Ebenfalls eine Niederlage mußten die Deutschen im Schwergewicht hinnehmen. Zunächst begnügten sich die beiden Dicken damit, dem anderen dauernd ein Bein zu stellen, in den letzten Runden besann sich der Amerikaner Jerry Rhome dann darauf, die Hartnäckigkeit des Bayern Osterrieder im Einstecken von Schlägen zu testen. Nicht boxen durfte hingegen der schöne Mario Dimitroff aus dem Team Rene Weller, da sein Gegner verletzt war. Zur Ehrenrettung trugen schließlich zwei Berliner bei. Klemens Willner und Michael Kuhr hatten es mit den als garstigen Giftzwergen beleumundeten Dorsey-Brüdern aus Texas zu tun, ließen sich davon aber nicht beeindrucken und siegten klar nach Punkten.
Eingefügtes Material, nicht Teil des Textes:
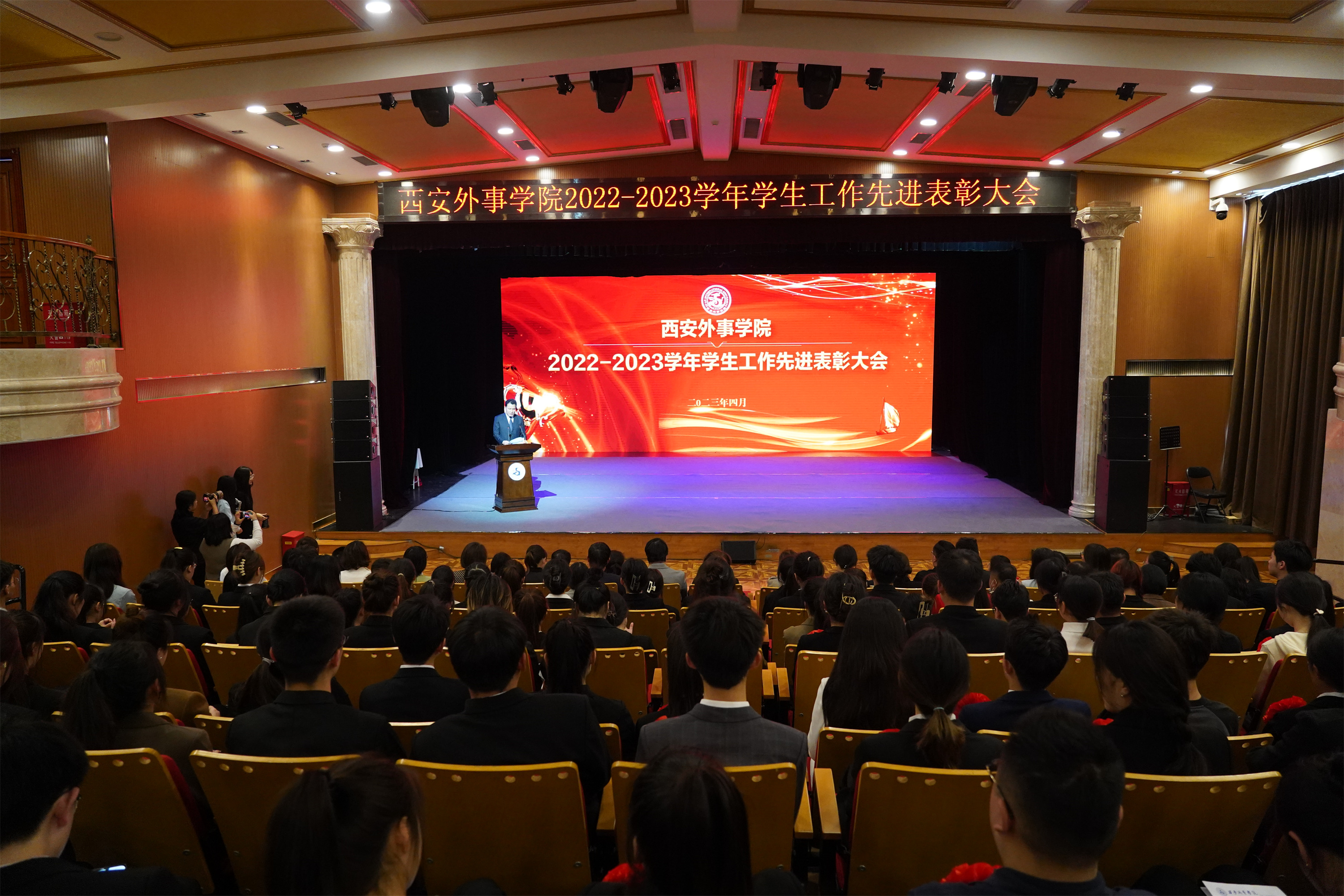 刘亚杰宣布了关于表彰2021-2022学年国家奖学金、国家励志奖学金获得者,2021-2022学年宝军奖学金获得者,陕西省高校征兵工作先进单位,陕西省学生资助工作先进单位,陕西省优秀辅导员的文件。
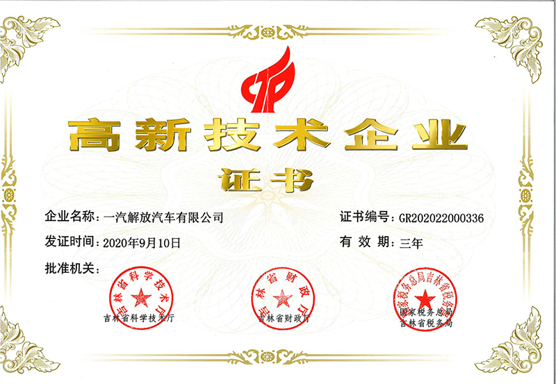 2020吉林省科学手艺厅、吉林省财务厅、国家税务总局吉林省税务局证书
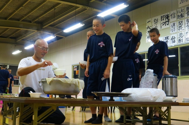 興味があったので、奥田代表、残間マネージャーにインタビューしました。すると、創立当初から、あった訳ではなく、最初は湯津上にあった個人宅の農作業場を間借りしていたそうです。練習場にする為に、1期生の親は総出で土を入れたり、ネットを手作りで編んだりしたとのこと。使い初めの際、手作りネットがバッテングの球を無事に受け止めると、大きな歓声が上がった。全てが手作りの出発で、この歓声はいまでも鮮明に記憶しているとのこと。

Zwischen den Kämpfen füllten eindrucksvolle Demonstrationen in Karate die Pausen. Eisblöcke zerbröselten unter der Wucht eines Schädels, per Schienbein wurde ein Baseballschläger zerteilt - ein Szene-Kenner behauptete, eine Steigerung sei nur noch möglich, wenn eine Thekenplatte mit dem Kopf gespalten würde -, und Formenweltmeister Jean Frennette zeigte, wie man mit einem Besenstiel einen Gegner erschreckt, echt karatesk.